Week 10: Diving into NLP while fighting through Kaggle

February 4, 2024

Week In Review

And... it's week 10! Phew, what a rollercoaster. It feels great to already be near a stage where we're starting beefier projects and learning state of the art models.

It's exactly this stage that I was looking forward to when beginning my journey. Although I'm far from where I want to be, I still feel as though I have the wings to soar the land of research, and be able to appreciate the breathtaking work being done.

Especially NLP, there's just something about this subject that truly gets me excited! Without further ado, check out this week's progress.

TLDR:

  • ISLR Chapter 6, and reviewed 4, 5, and 6
  • Completed the titanic kaggle competition
  • NLP lectures 2-6
  • Began VNDB xDeepFM project

Progress Timeline

January 29, 2024

  • 10 pages of ISLR on PCA, PCR, and PLS
  • Started on the titanic competition and performed some basic EDA and used XGBoost to create a baseline model on minimally processed data. Throughout the week, I'd like to iteratively improve on this baseline model to achieve > 0.8 accuracy.

January 30, 2024

  • 10 pages, finishing chapter 6
  • Read through a few top notebooks of titanic and gathered ideas on how to improve my model. Definitely realized the importance of hyperparameter tuning!

January 31, 2024

  • Reviewed half of ISLR chapter 4 on classification in order to prepare for completing the problemsets on Sunday.
  • Decided to resume the stanford NLP course and ramp up the pace from my old plan of 2 a week to 1 lecture per day. Just fitting in a lecture in the day, treating it like any other class.
  • Finished up lecture 2, which was where I left off quite a while ago actually. Feels refreshing to get back to the good ol' theory. Felt a little ambitious and also watched lecture 3 on backprop (all review).
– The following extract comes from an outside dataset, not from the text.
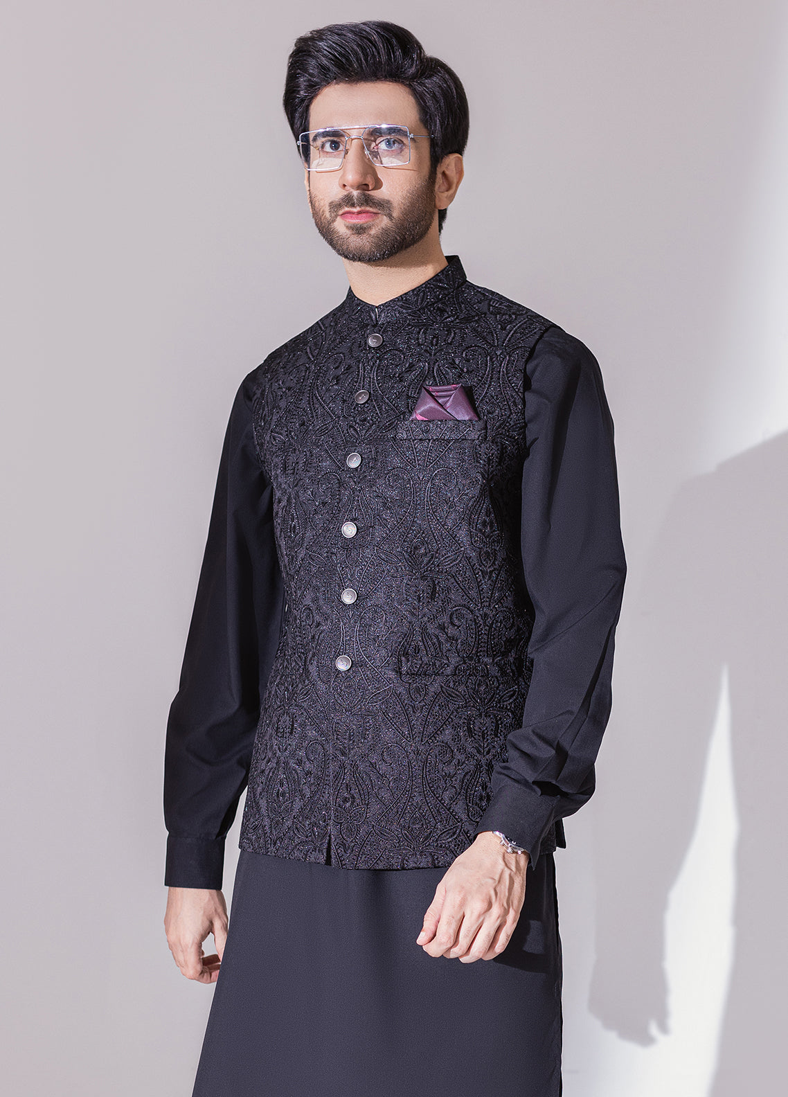 This black waistcoat exemplifies refined tailoring with comprehensive embroidery detailing across its surface. Each stitch demonstrates superior craftsmanship, creating dimensional patterns that enhance formal and semi-formal presentations. The garment's structured construction provides a sharp, defined silhouette suitable for weddings, business events, and cultural occasions. The embroidered embellishments offer textural interest without compromising versatility, allowing pairing with various dress shirts and jackets. An essential layering piece for discerning individuals seeking distinctive elegance with timeless appeal.

Besides that, I actually attempted to revisit an ambitious ML project idea for suggesting vocabulary words to language learners. I felt slightly overwhelmed since compared to Kaggle, starting this new research project felt beyond my reach as of now. I feel like I have the tools now, but piecing them in a way that makes sense is something I still lack. In the end, I decided it would be best to get some more experience first in a structured way (i.e. reading research, smaller projects).

Feburary 1, 2024

  • Finished reviewing ISLR chapter 4 on LDA, QDA, Naive Bayes, and other generalized linear models.
  • Watched NLP lecture 4 on dependency parsing. Boy was it a great taste of a mix of classical and computational linguistics! I found it nice that he compared the old methods of Dynamic Programming and MST-based approaches with the newer neural approaches. Always good to see the evolution of NLP!
  • More feature engineering on Titanic.

February 2, 2024

  • Watched NLP lecture 5 on RNNs. Cool to see Manning introduce them with such a clear motivation and context behind it.
  • Applied PCA and more visualizations on titanic dataset. Also used KNN imputing and learned about the missing forest algorithm
  • Reviewed all of chapter 5 ISLR.

Today was very packed with exams coming up next week and trying to balance my commitment with CLOV. Nonetheless, you already know we're pulling it off!

February 3, 2024

  • Watched NLP lecture 6 on LSTMs. Words can't express how much I'm looking forward to learning about BERT and other transformer models!
  • Finished final touches on my Titanic notebook and I'm ready to present tommorow.
  • Reviewed half of chapter 6 ISLR. Will finish up the rest of the review during the clov session

Besides the usual, I've encountered a project idea that I'm extremely passionate about. I'm planning on implementing an advanced, deep learning recommendation system for vndb.net, the imdb equivalent for visual novels. With a combination of wrangling real world data dumps, reading SOTA research, and presenting results with web programming, it's going to be one hell of an exciting project! Being eager to start, I already started looking into an overview of neural recommendation systems, including NCF, Wide & Deep, DeepFM, and more.

I honestly think this project will beef up my skills unlike a normal kaggle competition, as I have to deliver something production-ready for end-users. Paper grind incoming, stay tuned for more!

Feburary 4, 2024

  • Reviewed the latter half of ISLR chapter 6 and took notes.
  • Worked through ISLR chapter 4, 5, and 6 problem-sets with Sai. We're ready to get back to the 10 pages a day pace starting tommorow with chapter 7.
  • Brainstormed potential project ideas incorporating NLP/CV and SWE to create value. That's what CLOV is all about!
  • Began exploratory data analysis on the visual novel data dumps. There's so many columns, missing data, dozens of tables, SQL structure, etc. that this phase will take quite some time. Working on some real-world data is just the practice I need!

Changelog

As I got started with a decently sized project for implementing xDeepFM for VNDB with a production-ready UI, I won't be working on Kaggle as much for the time being.

We strongly believe that projects from scratch where you have to get your own data, form your own hypothesis, problem statement, etc. is the best form of learning.

The biggest change is that we're going to be publishing entries every 2 weeks, rather than every week.

Goals for next week

  • Continue EDA on VNDB & start reading the xDeepFM paper.
  • Complete first two assignments of CS224N
  • Complete chapter 7 and chapter 8, including problems
  • Continue 10 pages ISLR & 1 lecture a day pace